Ethereum's switch to a Proof-of-Stake (PoS) system, known as the Merge, has made it more efficient and environmentally friendly, allowing holders to earn rewards by staking their Ether.
“The Merge has transformed Ethereum into a truly productive asset, enabling holders to earn monetary rewards simply by holding it, setting it apart from other major cryptocurrencies. This compelling narrative has resonated particularly well with institutions and investors of a more traditional mindset,” explains cryptocurrency expert Mads Eberhardt.
However, it also introduces risks, such as the potential for large holders or entities to influence the network's operations or even attack it, although such actions are costly and unlikely due to built-in deterrents.
“Drawing a parallel to something I often compare to in the world of crypto, staking rewards can be seen as similar to dividends paid out by companies,” he says.
“However, there is an important difference to be aware of: staking comes with the risk of slashing. This is a measure designed to deter and punish validators for behavior that could threaten the network’s security or integrity, like supporting conflicting versions of the blockchain.
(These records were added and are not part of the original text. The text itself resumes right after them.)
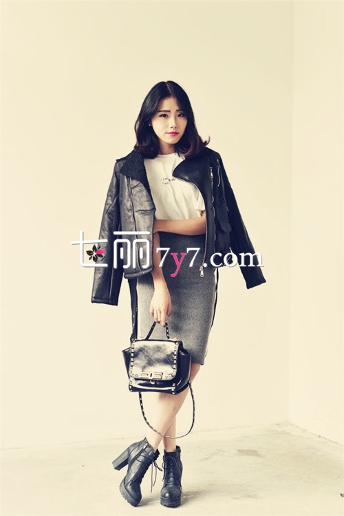 搭配看点:廓形感十足的短款机车绝对是时尚达人必备的凹造型利器,内搭一件简约的白T石潮人屡试不爽的搭配方式,下搭复古灰色及膝半身裙,迷人曲线尽显。再选择一款粗高跟鞋,气场莫名强大,不过搭配一款小巧精致的手提包,却让造型有一丝复古小女人气息,这样的搭配是你的菜么?喜欢就赶紧尝试吧,保证增高显瘦哦。
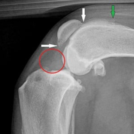 Osteoarthritis (white and green arrows) and joint fluid (red circle) indicative of cruciate rupture. Image credit: TVP
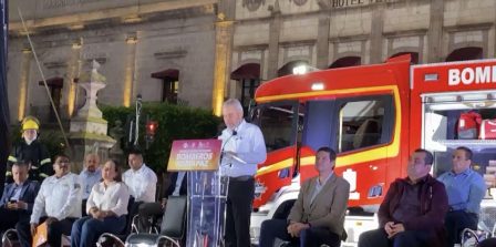 Es la primera vez en Michoacán que se hace entrega de equipamiento nuevo a los bomberos y protección civil.
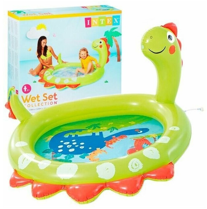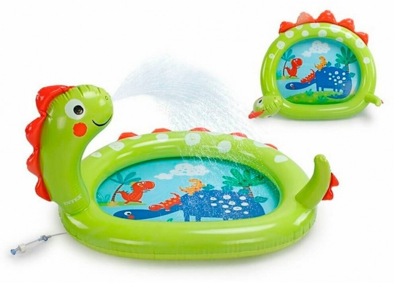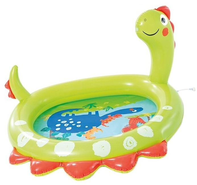- " Динозавр" – детский надувной бассейн от фирмы Intex – все то, что нужно ребёнку в летнюю жару. Яркий окрас и форма бассейна станут оригинальным украшением вашего участка, не оставив равнодушными вас и ваших родных. Небольшой объем бассейна позволяет воде быстро прогреваться под солнечными лучами, избавляя детей от ожидания момента, когда можно освежиться и весело провести время жарким летним днем. Изготовлен из высококачественного винила, устойчивый, надежный и безопасный
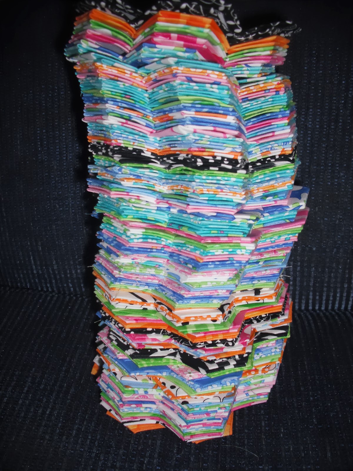 I can't remember how many flowers the quilt needed but here is the stack of them.
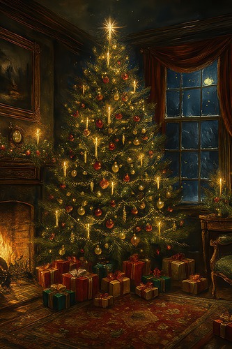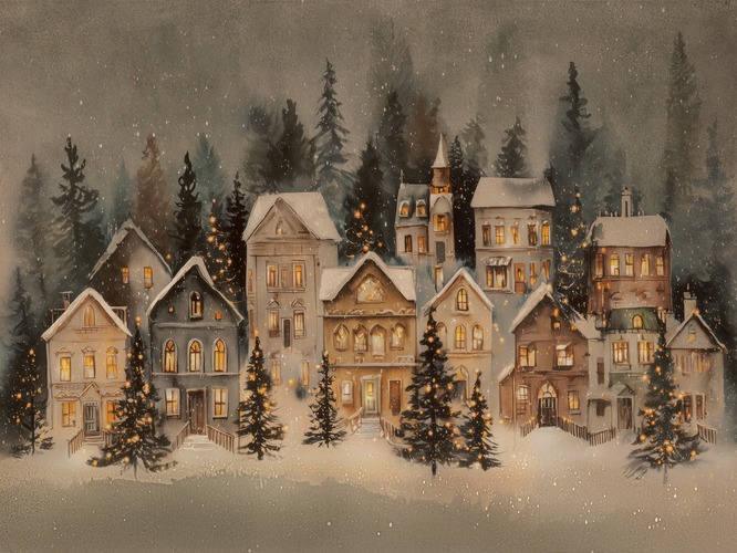 MUDECOR Premium Framed Winter Pine est Snowy Landscape Illustrations Fine Decorative Retro Historic Living Room Bedroom Office Gold
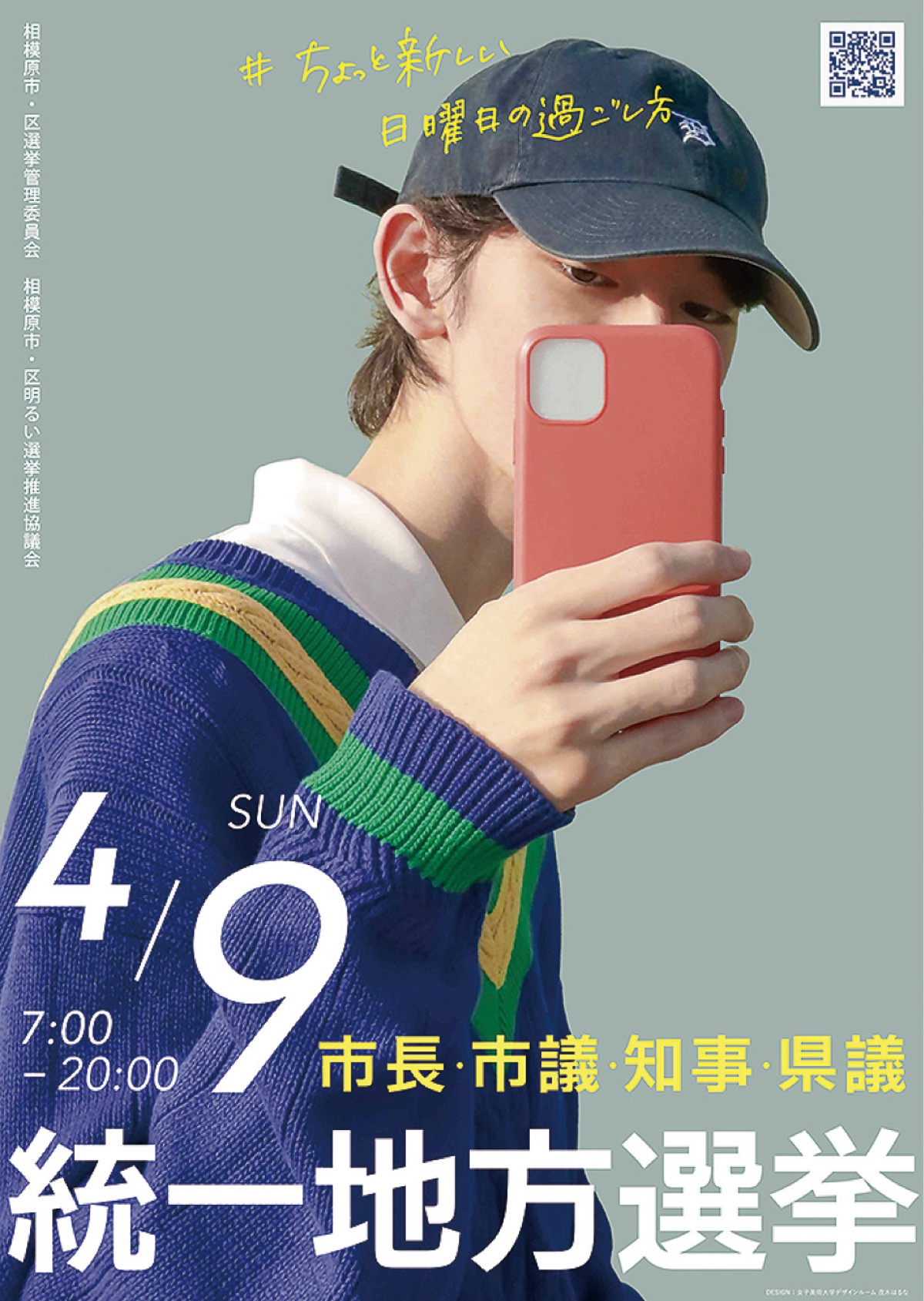市では今回、若い世代に届くよう啓発ポスターや動画を作るなどし、周知に努める。ポスターは南区の女子美術大学に制作を委託し、若者に身近な「自撮り写真」の姿に「#ちょっと新しい日曜日の過ごし方」とのメッセージを添えたもの。市内でおよそ200カ所に掲示される。動画は市内大学の学生も構成員となっている「相模原・町田大学地域コンソーシアム」に頼んだもので、市内の庁舎やコンビニなどでも放映される。
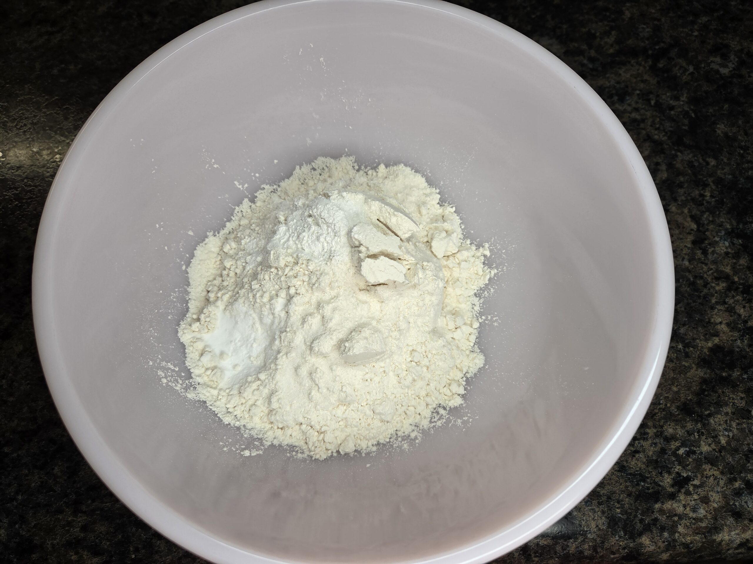 In a medium bowl, whisk together 1 1/2 cups all‑purpose flour, 1 teaspoon baking powder, 1/2 teaspoon baking soda, and 1/4 teaspoon salt until well combined. Set aside.

Slashing can result in a validator losing part or all of their staked Ether, although this is quite rare.”
Ultimately, the involvement of large entities like Coinbase, and the potential for a significant portion of Ether to be staked through ETFs, raises concerns about centralization and the influence of traditional finance on Ethereum.
“Ethereum risks being merely dominated by financial institutions, moving away from its foundational principle of decentralization,” Eberhardt asserts. “In such a scenario, regardless of Ethereum’s status as a highly productive asset among cryptocurrencies, its core value proposition would be compromised.”